The international access code for Austria is +43. Public telephone boxes can be used for direct dial calls within the country and overseas. Austria's mobile phone coverage is good, and internet cafes are widely available.
Local trains and buses leave regularly for Vienna. There is also a City Airport Train, which provides a fast and direct service to the centrally located City Air Terminal that is connected to the underground, bus and tram networks. Trains depart every 30 minutes and operate between 5.05am and 11.36pm.

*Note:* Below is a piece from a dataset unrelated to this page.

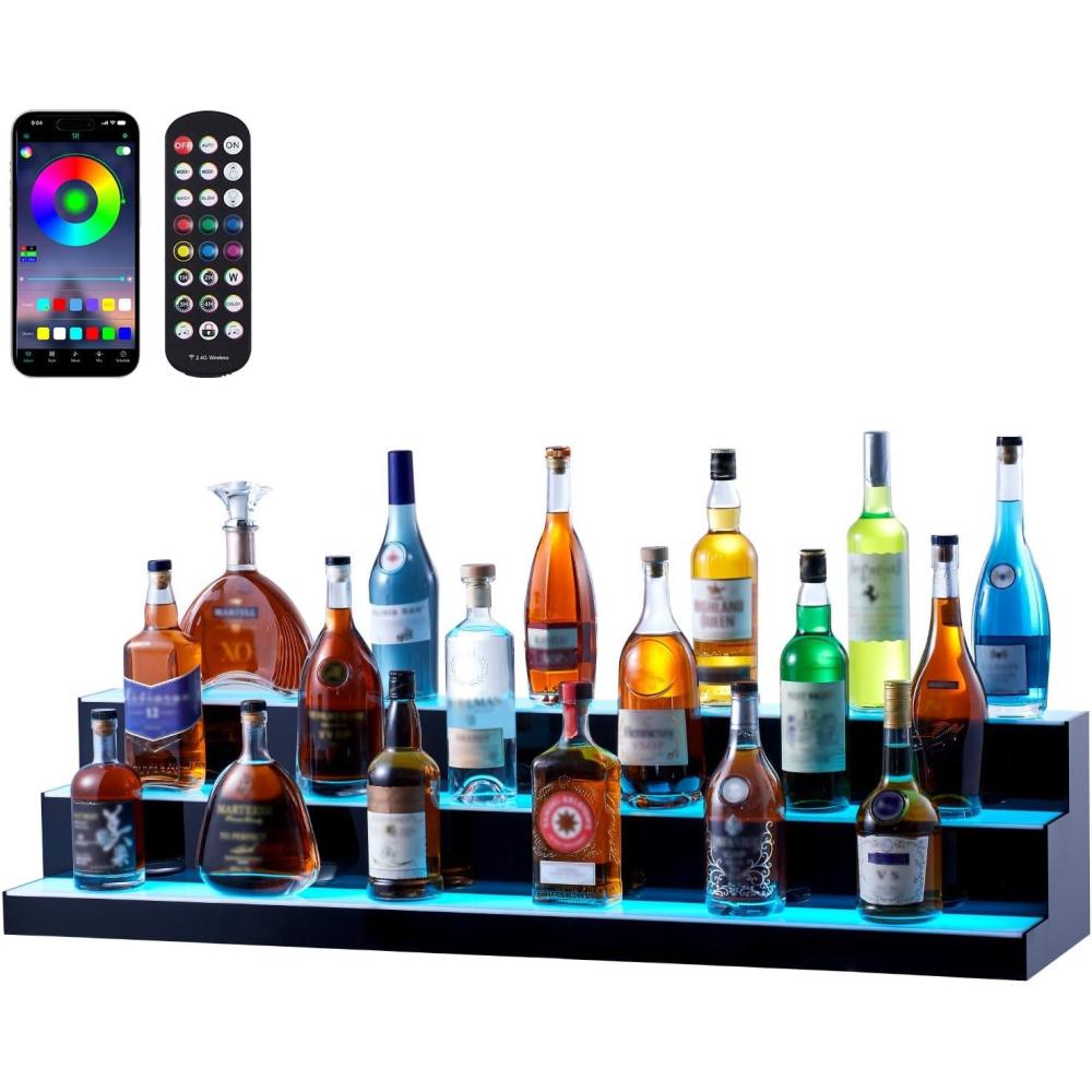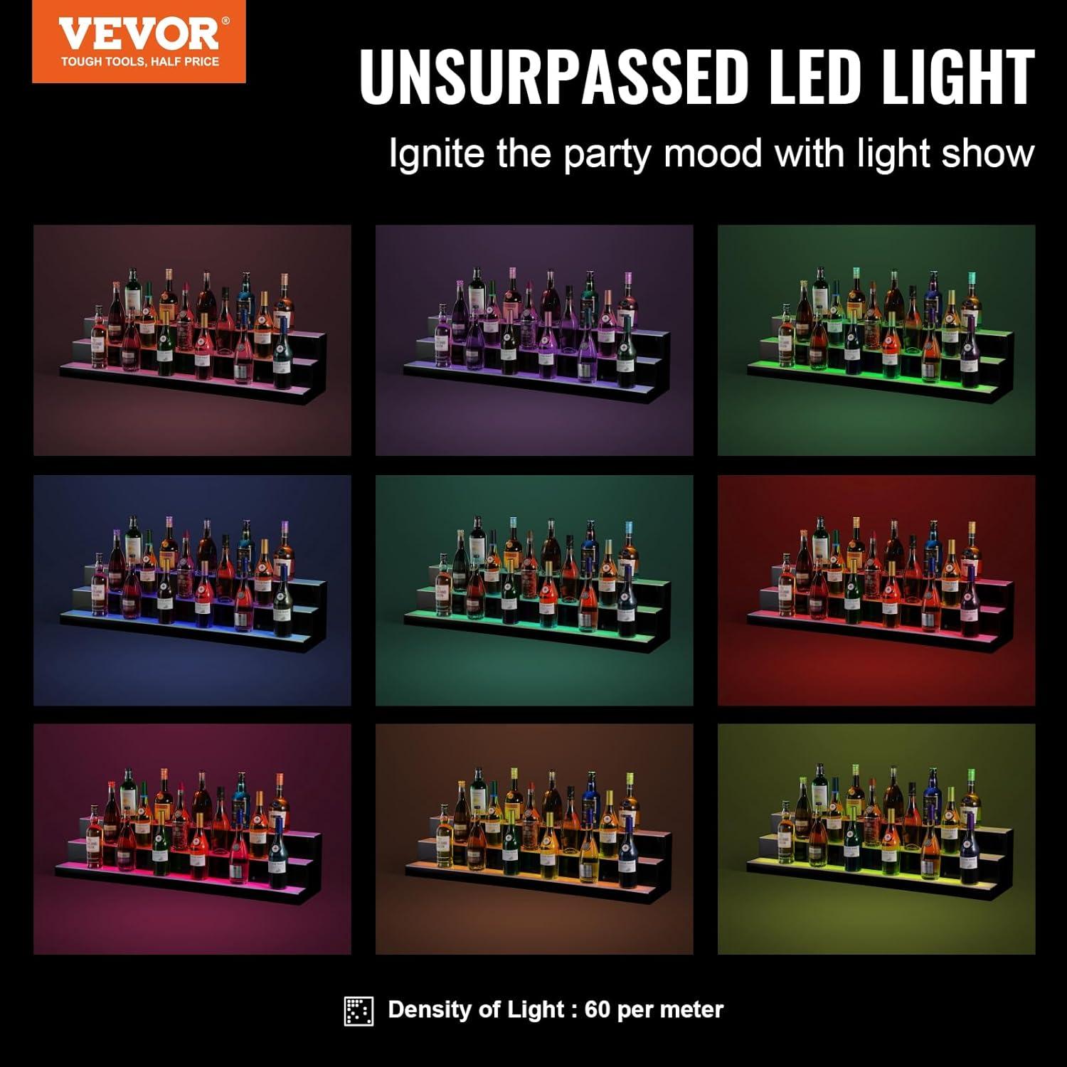 VEVOR LED Lighted Liquor Bottle Display, 1 Tier 60 Inches Whiskey Rack, Supports USB, Illuminated Home Bar Shelf with RF Remote & App Control, 7 Static Colors, Acrylic Lighted Shelf for 15 Bottles(3 Step 60 Inches)

Car hire companies include Avis, Hertz, Budget, Sixt and Thrifty.
There are taxis available in front of the Arrivals Hall. The taxi fare is metered and the drive takes around 30 minutes.
Terminals are adjacent and are walking distance from one another. There is also a shuttle service between gates B/C and F/G.
There are numerous shops, including duty-free, as well as various restaurants and bars in all terminals. Bureaux de change and banks are available. Other facilities include airline lounges, luggage storage, business centres, and a medical centre.
Vienna International Airport has two multi-storey car parks connected to the terminal via covered walkways. Parking fees range from €4.70 per hour to €36.40 for a day, with additional days at a cheaper rate. Rates do vary according to section. Park C, the long-term parking lot, is generally cheaper but is still within walking distance of the terminal building.
Wifi is freely accessible throughout the airport 24 hours a day.